Random Forest requires numerical input, so we use **One-Hot Encoding**.

In [None]:
# Define Features (X) and Target (y)
X = df.drop(columns=['price'], errors='ignore')
y = df['price']

# One-Hot Encoding for 'model' column
# drop_first=True avoids multicollinearity
X = pd.get_dummies(X, columns=['model'], drop_first=True)

print(f"Feature set shape after encoding: {X.shape}")

## 3. Model Training
We use **Random Forest Regressor**.

**Justification:**
- It handles non-linear relationships better than Linear Regression.
- It is robust to outliers and doesn't require feature scaling.
- It provides built-in feature importance.

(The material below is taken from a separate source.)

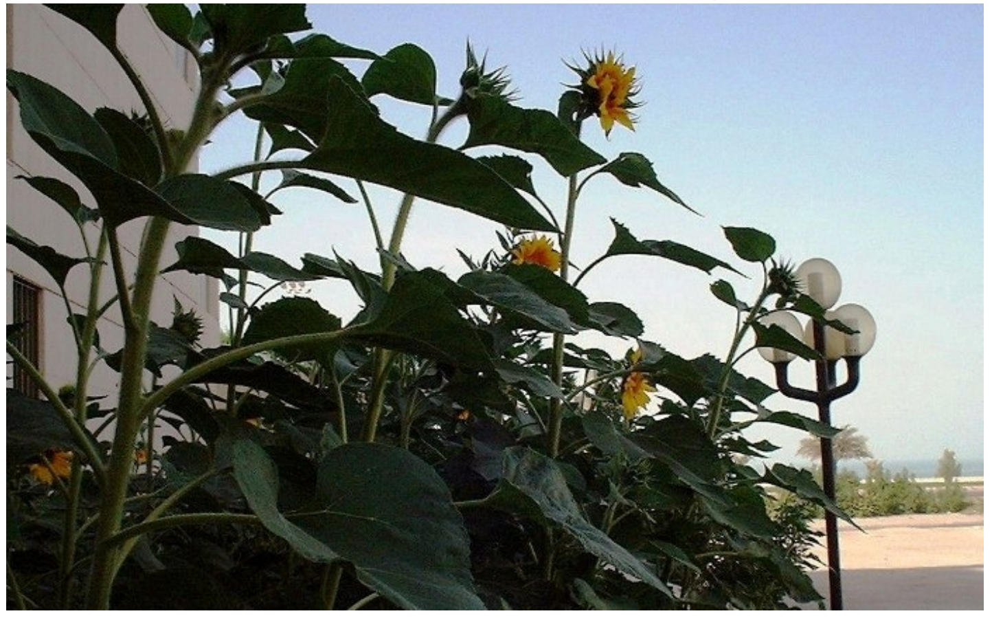
Salmiya, Kuwait / November 1999

I could see sunflower in winter in Kuwait. Temperature went down below 10 degree Celsius in the morning and night, but temperature went up to around 24 degree Celsius in day time. It was like an early summer in Japan.

**Hyperparameters (Pruning):**
- `n_estimators=100`: Builds 100 trees for stability.
- `max_depth=15`: Limits tree depth to prevent **Overfitting**.
- `min_samples_split=5`: Ensures leaves contain enough data points.

In [None]:
# Train-Test Split (80% Train, 20% Test)
X_train, X_test, y_train, y_test = train_test_split(X, y, test_size=0.2, random_state=42)

print(f"Training samples: {X_train.shape[0]}")
print(f"Testing samples:  {X_test.shape[0]}")

# Initialize Model
rf_model = RandomForestRegressor(
    n_estimators=100,
    max_depth=15,          # Pruning parameter
    min_samples_split=5,   # Pruning parameter
    random_state=42
)

# Train
print("Training Random Forest model...")
rf_model.fit(X_train, y_train)
print("Training complete.")

## 4. Evaluation
We evaluate the model using:
- **R² Score:** How well the model explains variance (Accuracy).
- **MAE (Mean Absolute Error):** Average error in Rupees.
- **RMSE (Root Mean Squared Error):** Penalizes large errors more heavily.

In [None]:
# Predictions
y_pred = rf_model.predict(X_test)

# Metrics
r2 = r2_score(y_test, y_pred)
mae = mean_absolute_error(y_test, y_pred)
rmse = np.sqrt(mean_squared_error(y_test, y_pred))

print("-" * 30)
print(f"Model Performance Results:")
print(f"✅ Accuracy (R² Score): {r2:.4f} ({r2*100:.2f}%)")
print(f"❌ Mean Absolute Error: Rs. {mae:,.2f}")
print(f"❌ RMSE:                Rs. {rmse:,.2f}")
print("-" * 30)

# Visualizing Actual vs Predicted
plt.figure(figsize=(10, 6))
sns.scatterplot(x=y_test, y=y_pred, alpha=0.6, color='blue')
plt.plot([y.min(), y.max()], [y.min(), y.max()], 'r--', lw=2) # Ideal line
plt.xlabel("Actual Price (Rs)")
plt.ylabel("Predicted Price (Rs)")
plt.title("Actual vs Predicted Prices (Random Forest)")
plt.show()

## 5. Explainability (XAI) - Requirement 4
We use **SHAP (SHapley Additive exPlanations)** to explain *why* the model predicts specific prices.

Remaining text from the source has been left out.